George Santayana was born in Madrid on Dec. 16, 1863. In November 1949, as his eighty-sixth birthday approached, a wealthy cousin of Mark Twain’s, Cyril Coniston
Clemens (1902-1999), wrote to the philosopher in Rome, saying he and his friends wished to send Santayana a birthday gift. The old man’s response is a model of gracious demurral followed by a change of heart and polite acceptance – all in less than three-hundred words. On this date, Nov. 22, in 1949, Santayana writes: 

“You and your friends are very kind to wish to celebrate my 86th birthday by sending me something. I receive regularly parcels and of course money from America, but apart from cryptic modern poetry, or books by cranks, asking for a word of endorsement to figure on the dust-jacket of their first work, I receive little that is beautiful; nor have I any place in which to put any object of any value.” 

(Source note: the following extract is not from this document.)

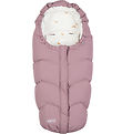 The footmuff is opened down the front with a zipper that can be opened both from above and below. It can also be opened at the bottom, and the entire bottom can be zipped off, and the bottom piece can be replaced with a longer extension part so that the footmuff can grow with the kid.
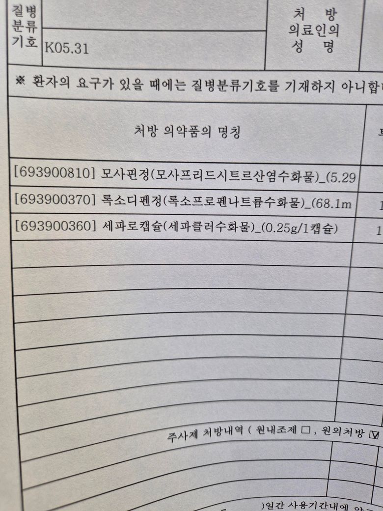 치아발치하고 받은 항생제 진통소염제 위장약은

This was true. Santayana spent the final decade of his life living at the Convent of the Blue Nuns of the Little Company of Mary in Rome, cared for by the Irish sisters. He lived with admirable simplicity, as his former student at Harvard, Wallace Stevens, noted: “The beds, the books, the chair, the moving nuns, / The candle as it evades the sight, these are / The sources of happiness in the shape of Rome.” Santayana shifts gears. He tells Clemens he almost ordered the first volume of a “monumental history of Thomas Jefferson" (probably Jefferson the Virginian, the first of six volumes by Dumas Malone), but changed his mind because his reading is “casual” -- Lucretius, Ovid, Catullus and a few other Romans. “But Latin poets are not the characteristic things to ask for from Missouri [Clemens lived in St. Louis].” So, Santayana reverses his earlier refusal of a gift and asks for the Jefferson volume because it “would certainly open a new scene to me that is not only important but also beautiful.” He adds: “Or send me anything small that you may prefer. I say small, because I have only one small room of my own; and even my books have overflowed into the adjoining public reception room.” 

Santayana closes with “grateful regards.” Epistolary elegance is rare (as are epistles, today). Accompanied by wit and gratitude, it is nearly nonexistent. And the spectacle of the Spaniard living in Italy who never became an American citizen accepting a book about Jefferson from a cousin of Mark Twain is satisfyingly all-American.

2 comments:

Denkof Zwemmen said...

Right -- a great American story. And a welcome one, as pampered, fearful no-nothings whine about how their sensibilities are offended by seeing Woodrow Wilson's name on Princeton public spaces.

George said...

Santayana's mother lived in Winchester, Virginia, for part of her childhood, not that long after Jefferson's death.